Stopping Synthetic Insurance Fraud with an AI-Powered Media Trust Layer Qorus-NTT DATA Innovation in Insurance Awards 2026
GermanyCategory
InsurtechKeyword
Customer experience, AI & Generative AI, Savings & Investments, Prevention, Insurance, Cybersecurity & Authentication, Claims management, Subscription products, Automation, Automated Inspection, Quantum Computing, Risk management, Agentic AIBusiness Line
Liability InsuranceDistribution Channel
Online / Direct
Innovation presentation
In an era where Generative AI has reached a tipping point, the human eye is no longer a reliable judge of digital authenticity. As synthetic media becomes indistinguishable from reality, the insurance industry faces a massive financial threat: fraud has become incredibly easy to commit yet increasingly difficult to detect. Traditional forensic analysis is far too slow and costly for high-volume claims, leaving a critical security gap that scales as fast as AI evolves.
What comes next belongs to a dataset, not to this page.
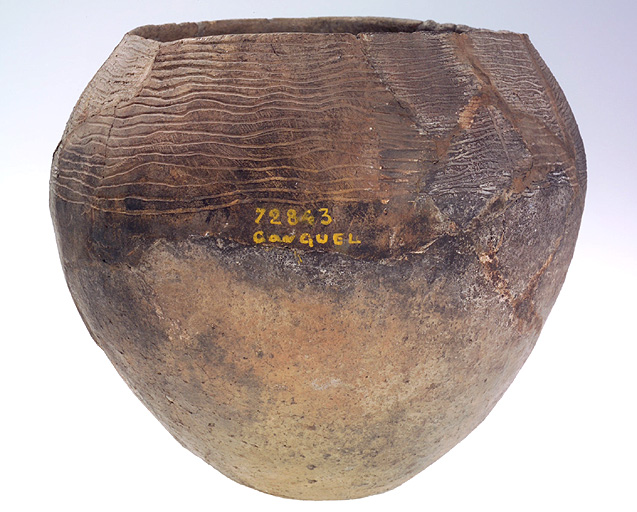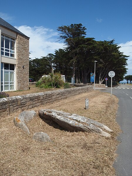 Les vases de la couche inférieure, à fond rond ou plat, présentent un décor en bandes alternant incisions à cru verticales et horizontales, lignes brisées et demi-cercles concentriques, caractéristique du faciès dit type Conguel. La couche supérieure contient des vases bi-coniques décorés d'incisions régulières et de lignes brisées d'inspiration campaniforme. Le mobilier céramique est aujourd'hui conservé au Musée d'Archéologie nationale dans le fonds P. du Châtellier.

To bridge this gap between human intuition and sophisticated digital fraud, VAARHAFT provides an automated "Truth Layer" designed to restore trust in digital evidence. Our ecosystem operates on two strategic pillars: the Fraud Scanner and SafeCam. The Fraud Scanner is a modular analysis suite that performs multi-layered forensic checks on images and documents via API or web tool, detecting AI-generation and structural anomalies in seconds. Complementing this, SafeCam is a secure, browser-based application that ensures source integrity by forcing real-time, verified image capture, effectively preventing the upload of pre-manipulated media, like printouts or pictures of computer screens, without requiring an additional app download.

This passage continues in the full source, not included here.